# Macht euch euer Beruf Spaß?



## arthur (23. August 2017)

*Die Frage klingt schon ein bisschen komisch. Aber mich würde mal interessieren ob eure Beruf euch spaß macht*


----------



## Pfalzi81 (24. August 2017)

Ich selbst bin Verkäufer / Fachberater in der Unterhaltungselektronik und es macht mir soweit Spass. Allerdings bin ich schon über 10 Jahre dabei und der Beruf ist nicht einfach. Es muss immer mehr in weniger Zeit erledigt werden und ich werde auch nicht jünger.
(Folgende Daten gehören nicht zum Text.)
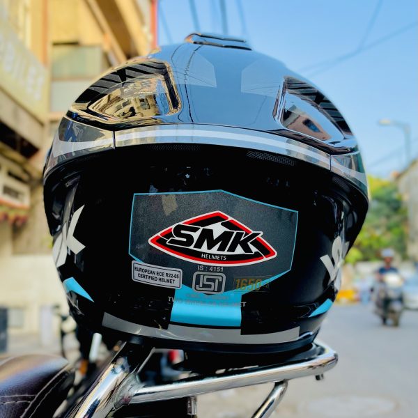 SMK Titan Slick Fiber Glass style decor GL265 Gloss Black Grey/Blue Dual Visor full face Helmet ECE 22.06 made of eps material limited edition (BLACK VISOR)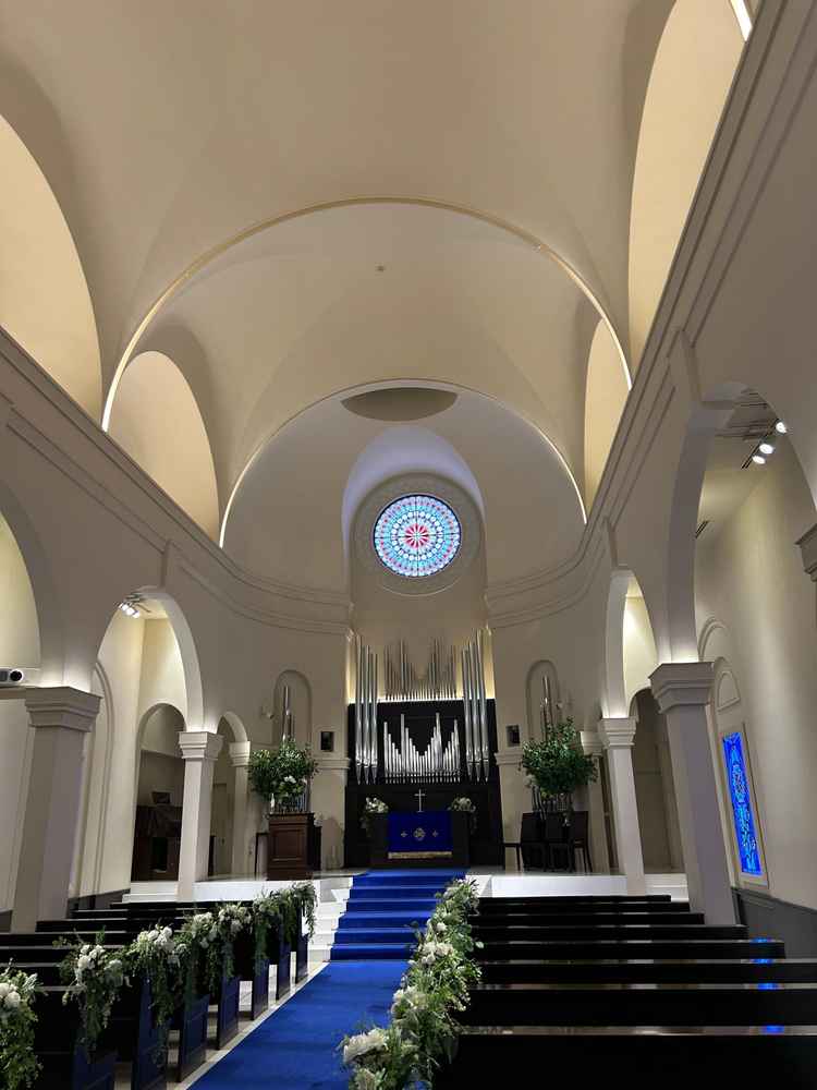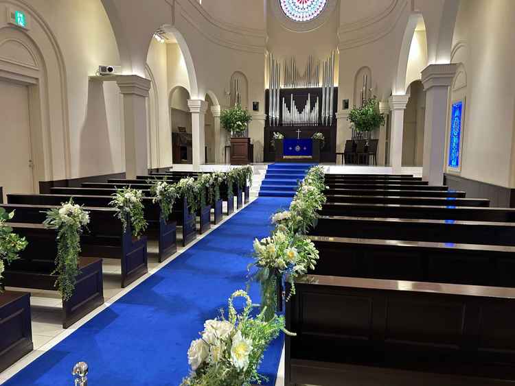 青色のバージンロードがとても素敵でした。また、緑豊かで住宅街とは思えない空気感でした。天井も高く明るかったです。

Deswegen setze ich ein Bein ins Internet und wenn es gut genug läuft, dann verlasse ich meinen alten Beruf. Ich bin bereit viel zu leisten, aber eine gewisse Unabhängigkeit wäre super.

Liebe Grüße


----------



## sheel (24. August 2017)

Hi

ja 

Nur Selbstunterhaltungen nicht


----------



## goto; (24. August 2017)

Definitiv. 
Für mich auch eine Grundvoraussetzung.


----------



## anneglattbach (5. September 2017)

Ich bin im Marketing tätig und die Vermarktung macht mir ziemlich viel Spaß.


----------



## Foro (9. November 2017)

Ohne Spaß hält man es ja normalerweise auch gar nicht auf Dauer aus. Ich musste auch viel rumprobieren bis ich mal das richtige gefunden hatte


----------



## BigPete85 (13. Dezember 2017)

Ich habe meinen Beruf gehasst - dann nebenbei einen neuen Beruf angelernt - und selbstständig gemacht. Und jetzt: *JA  *


----------



## JulianneB (6. Januar 2018)

Ich studiere noch und mein zukünftiger Beruf macht mir spaß. Jedenfalls sieht der Job ganz interessant aus


----------



## manu801 (21. Januar 2019)

Ich bin zwar noch nicht im Beruf, aber ich glaube schon dass es mir Spaß machen wird. Bin angehender Rechtsanwalt und darf mich gerade mit Themen wie z.b. diesem hier auseinandersetzen :-D Aber ich bin zuversichtlich dass die Arbeit selbst dann richtig Spaß machen wird.


----------



## tobee (1. Oktober 2019)

Ich bin als Berater tätig und das macht mir sehr viel Spaß


----------



## ikosaeder (1. Oktober 2019)

Ich bin Softwareentwickler und das macht meistens Spaß.


----------



## zerix (1. Oktober 2019)

Ja, ich darf Sachen von anderen kaputt machen. Da kann man sich nicht beschweren.


----------



## giboni (14. Januar 2020)

Naja eigentlich eher nicht... 
	

	
	
		
		

		
			




Muss sehr sehr viel lernen. Jede Woche mindestens zwei Arbeiten schreiben.


----------



## luisabauer (4. Februar 2021)

Momentan nicht ganz aber ich glaube nicht dass ich mein ganzen Leben damit beschäftigt sein wird


----------



## KlausMaier (17. Januar 2022)

Ja, ich bin in der Softwareentwicklung tätig und es macht mir sehr viel Spaß


----------



## Anri (29. Januar 2022)

Naja es geht so. Da ich allerdings im öffentl. Dienst arbeite, kann man sich ja notfalls auf Interne andere Stellen bewerben.


----------